Got a chance to try some plug casting on the east side of the Jensen Beach causeway and was handsomely rewarded with this slot fish. It took the better part of two hours to get one to bite but after watching another guy bust off two big over slot fish I decided I was ready to either donate some fancy lip jewelry of my own to one of the bruisers or convince an eligible candidate to join my wife and I for dinner. I got lucky and a 30" fish fell for my ruse. A big thanks for the three young cats on the pier who had a landing net handy and saved me a long trip to the edge to secure my catch. Another big thanks to forum member Cerberus for suggesting the spot as a likely snook hangout. It was his last report of good angling there that prompted me to give it a try. A picture at home by my wife....(at almost 2:00am)...she loves snook almost as much as she loves me


----------



## KodiakZach (Mar 16, 2005)

Very nice Snooker bud and great report!


----------



## BentHook (Dec 22, 2002)

Nice snook.
If I woke the old lady up at 2am,I better have a winning lottery ticket for picture taking.


----------



## VICIII (Apr 8, 2005)

Congratz..
Great catch...!!!


----------



## jurdun756 (Nov 3, 2006)

Sweet!


----------



## emanuel (Apr 2, 2002)

You are learning quickly.


----------



## Cerberus (Nov 1, 2007)

fin&scale said:


> Another big thanks to forum member Cerberus for suggesting the spot as a likely snook hangout. It was his last report of good angling there that prompted me to give it a try.


No this is wrong! 

There are NO SNOOK on the EAST side of the bridge! Never fish on the East side of the bridge!

You must only fish on the WEST side of the bridge

Do not catch all the snook, oh, sorry I mean, Do not waste your time on the east side. I want you to be happy, so go fish somewhere else!

Hey F&S nice job. Now, how did you do it?

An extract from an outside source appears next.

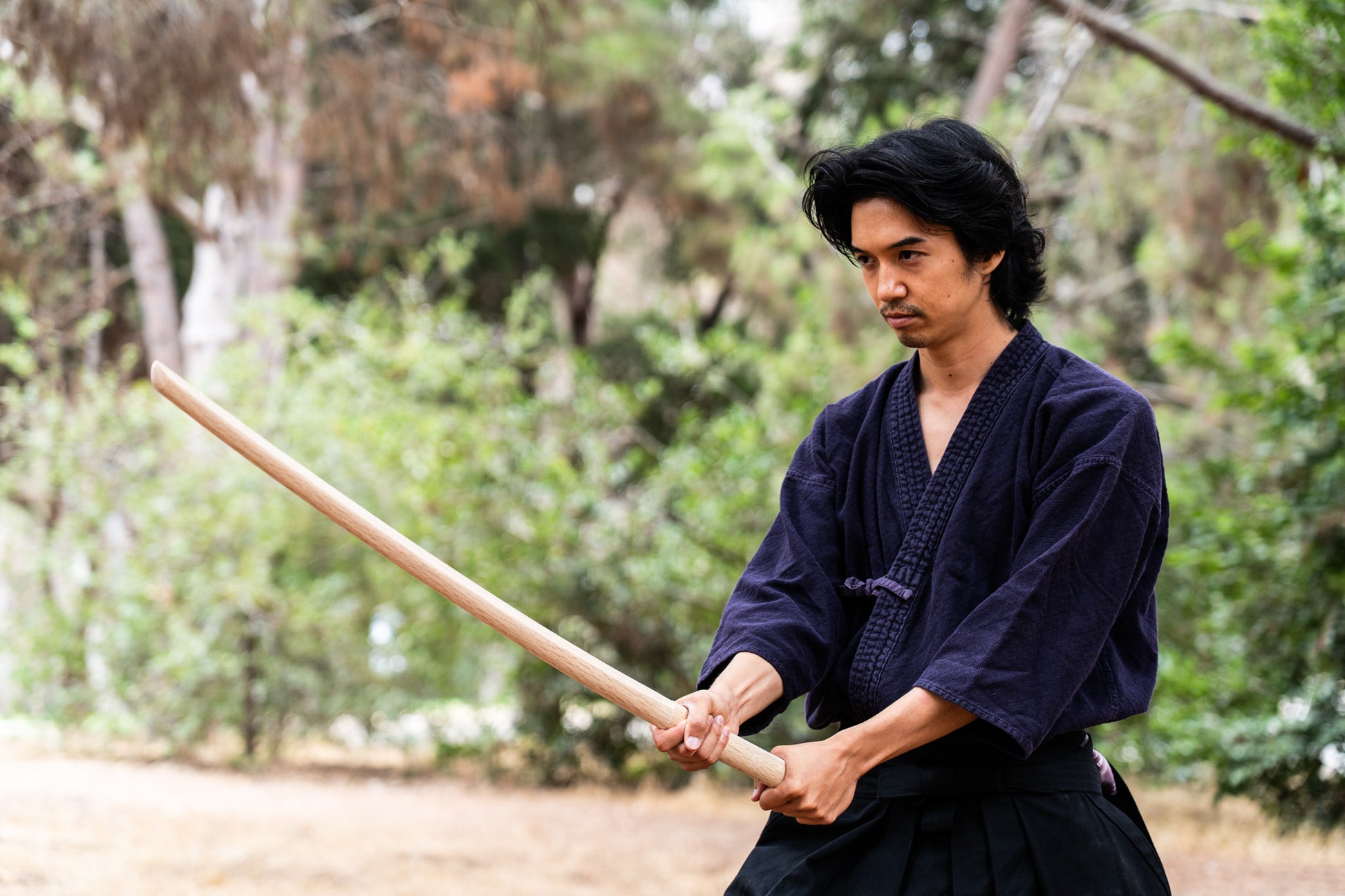 Toru: "As a practitioner of budo (martial arts) and tate (stage combat), I spent a long time searching for a bokuto that could perform well in both disciplines. It needed to be durable enough for intense strikes in budo, yet light and agile for fast choreography. I realized that in the U.S., it’s quite difficult to find one that’s both light and durable, and the few I did find were often quite expensive."

What lure, time, tide etc.? 

You owe us this information!!!! We have ways of making you talk!


----------



## fin&scale (May 7, 2008)

Lure was a Bomber long A...green back...silver flash. I got there just as the tide switched and started flowing from north to south (Saturday night about 10:00ish). Was walking the sides and speaking to a guy fishing with his kids. He eventually managed a 3lb black drum while we chatted and I noticed a guy casting a plug on the north side of the bridge. After watching the guy and his kids land their drum I noticed the guy with the plug had a fish on. I crossed over to watch him fight it. 

He had on a well over slot fish and by the time I crossed it seemed he may have the upper hand on the fish. It was lying on his side with the head partially out but just then it woke up and gave us another show. Erupting at the surface the fish jumped and ran showing us both what a 20+lb fish can do when it puts its mind to it. A short run later and the 20lb mono gave way to the abuses of the bridge pilings. 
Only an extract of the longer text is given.